ASTM International - ASTM F2944-20
Standard Practice for Automated Colony Forming Unit (CFU) Assays—Image Acquisition and Analysis Method for Enumerating and Characterizing Cells and Colonies in Culture
Organization: | ASTM International |
Publication Date: | 1 April 2020 |
Status: | active |
Page Count: | 10 |
ICS Code (Microbiology in general): | 07.100.01 |
ICS Code (In vitro diagnostic test systems): | 11.100.10 |
significance And Use:
4.1 The Manual Observer-Dependent Assay-The manual quantification of cell and CFU cultures based on observer-dependent criteria or judgment is an extremely tedious and time-consuming task and is... View More
scope:
1.1 This practice, provided its limitations are understood, describes a procedure for quantitative measurement of the number and biological characteristics of colonies derived from a stem cell or progenitor population using image analysis.
1.2 This practice is applied in an in vitro laboratory setting.
1.3 This practice utilizes: (a) standardized protocols for image capture of cells and colonies derived from in vitro processing of a defined population of starting cells in a defined field of view (FOV), and (b) standardized protocols for image processing and analysis.

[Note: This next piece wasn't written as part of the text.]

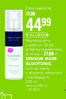 Cena produktu różni się w zależności od wybranego sklepu. Niestety nie posiadamy danych o aktualnych promocjach, jednak wśród archiwalnych ofert Tonik o działaniu nawilżającym i odżywczym algotonic SENSUM MARE kosztuje od 77,99 zł.

1.4 The relevant FOV may be two-dimensional or three-dimensional, depending on the CFU assay system being interrogated.
1.5 The primary unit to be used in the outcome of analysis is the number of colonies present in the FOV. In addition, the characteristics and sub-classification of individual colonies and cells within the FOV may also be evaluated, based on extant morphological features, distributional properties, or properties elicited using secondary markers (for example, staining or labeling methods).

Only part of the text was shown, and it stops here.